Machiavelli eventually placed this judgement at the very heart of his analysis of political leadership in The Prince. However, he first registered the insight much earlier, in the course of his active career as a diplomat. Furthermore, it is clear from his Legations that the generalization first struck him less as a result of his own reflections than through listening to, and subsequently thinking about, the views of two of the shrewdest politicians with whom he came into contact. The point was first put to him on the day of Julius II’s election to the pontificate. Machiavelli found himself drawn into conversation with Francesco Soderini, cardinal of Volterra and brother of Piero Soderini, the leader (gonfaloniere) of Florence’s government. The cardinal assured him that ‘not for many years has our city had so much to hope for from a new pope as from the present one’. ‘But only’, he added, ‘if you know how to harmonise with the times’ (L 593). Two years later, Machiavelli met with the same judgement in the course of negotiating with Pandolfo Petrucci, the lord of Siena, whom he was later to mention admiringly in The Prince as ‘a very able man’ (85). Machiavelli had been commissioned by the signoria to demand the reasons for ‘all the tricks and intrigues’ which had marked Pandolfo’s dealings with Florence (L 911). Pandolfo responded with an effrontery that evidently impressed Machiavelli very much. ‘Wishing to make as few mistakes as possible,’ he replied, ‘I conduct my government day by day, and arrange my affairs hour by hour; because the times are more powerful than our brains’ (L 912).

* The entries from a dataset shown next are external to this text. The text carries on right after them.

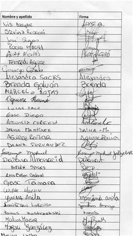(adjuntamos al mail hojas donde firmaron parte de los alumnos del colegio)
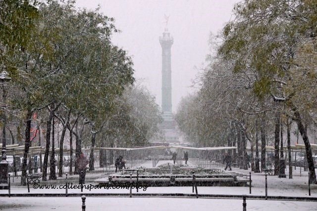 Paris was paralyzed on December 9, 2010. Small trucks at Place Pigalle were spinning their tires. Men had to get out and push them through the stop lights. The roads were full of ice. The buses could not move because the cars could not move.
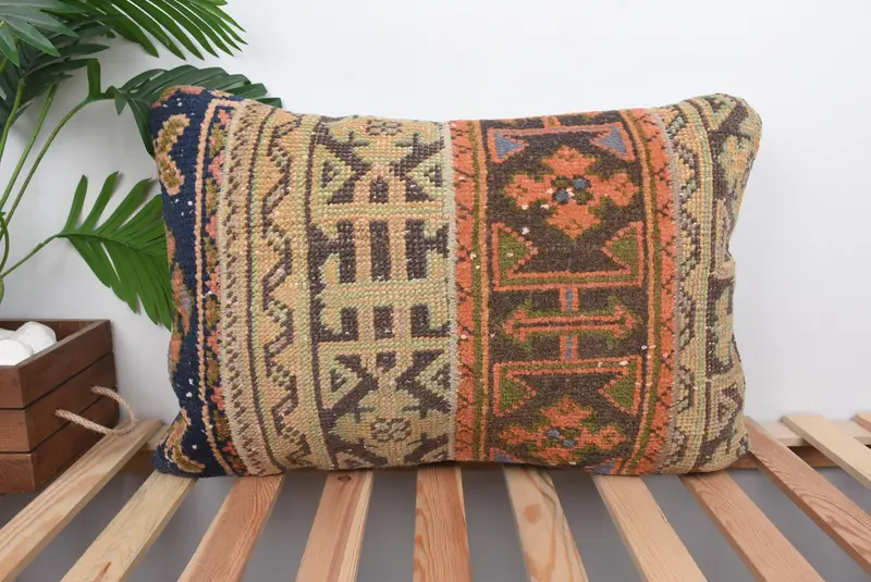 Almohada de lanzamiento de patchwork naranja y bronce, cojín hecho a mano de 16x24
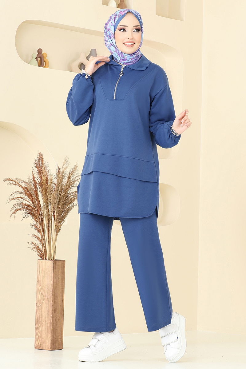 Yarım Fermuarlı İkili Takım modeli, tesettür giyime özel tasarlanmış dört mevsim rahatlıkla kullanabileceğiniz bir üründür. 30 derecede hassas yıkama ile temizlenebilir özelliği, iki iplik kumaş kalitesi ve gömlek yakası ile modern ve şık bir görünüm sunar. Tunik yan yırtmaç detayı ile hareket özgürlüğü sağlarken, pantolonun elastik beli ve manşetleri gün boyu konfor sunar. Fermuar detayı ise stil sahibi bir kullanım sağlar.
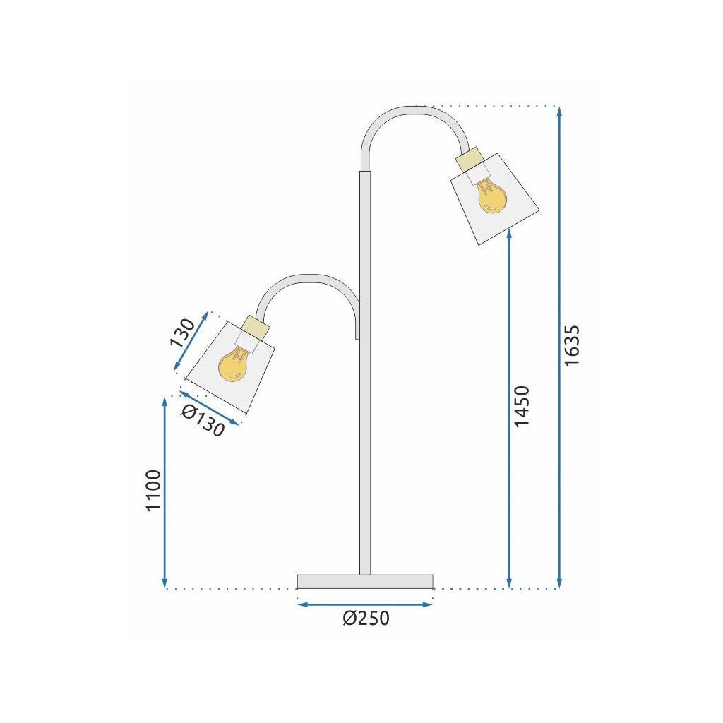 Lampa je vyrobena hlavně z kovu. Výška lampy je pevná a její horní část se otáčí, bude dokonalá jako podpůrné, dekorativní nebo funkční světlo. Osvětlení má vypínač na nohy, který umožňuje snadné a pohodlné používání lampy.
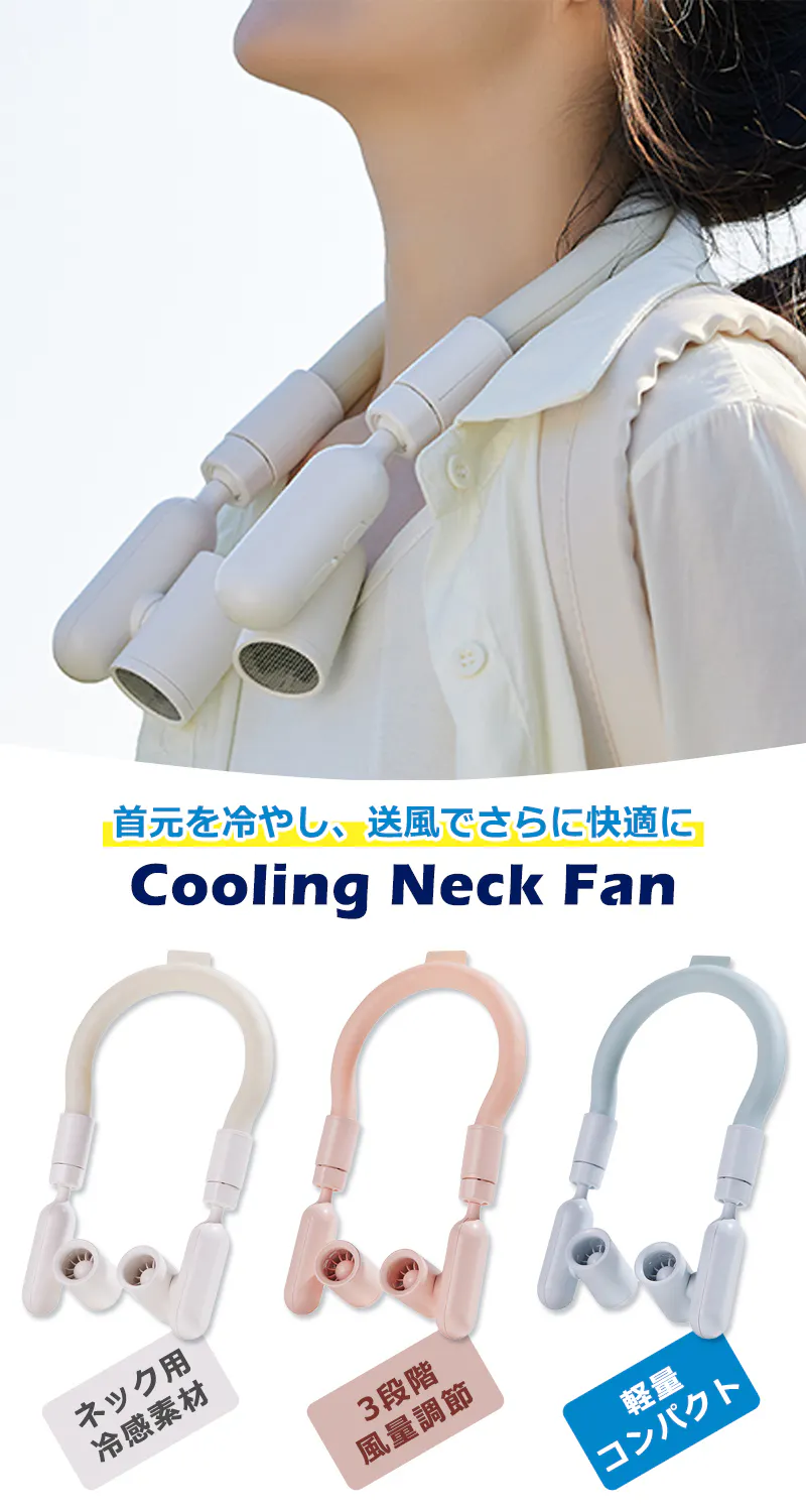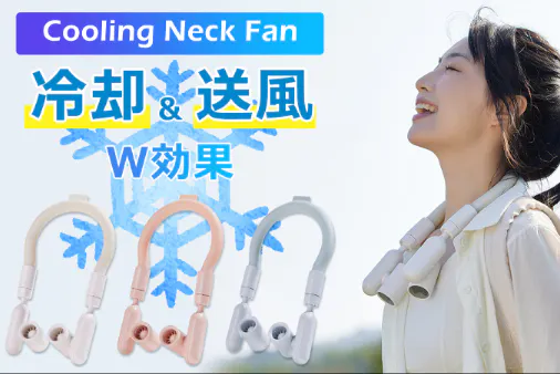 冷却リングは首にフィットし、ひんやり感が長時間持続。さらに、回転調整可能なファンユニットが狙った位置にしっかり送風し、首元から全身へ心地よい涼しさを届けます。

Although Machiavelli’s pronouncements on the rulers of his age are in general severely critical, it would be misleading to conclude that he regarded the entire record of contemporary statecraft as nothing more than a history of crimes, follies, and misfortunes. At several moments in his diplomatic career he was able to watch a political problem being confronted and resolved in a manner that not only commanded his unequivocal admiration, but also exercised a clear influence on his own theories of political leadership. One such incident occurred in 1503, in the course of the protracted battle of wits between Cesare Borgia and the pope. Machiavelli was fascinated to see how Julius would cope with the dilemma raised by the duke’s presence at the papal court. As he reminded the Ten of War, ‘the hatred his holiness has always felt’ for Borgia ‘is well-known’, but this hardly alters the fact that Borgia ‘has been more help to him than anyone else’ in securing his election, as a result of which he ‘has made the duke a number of very large promises’ (L 599). The problem seemed insoluble: how could Julius hope to achieve any freedom of action without at the same time violating his solemn pledge?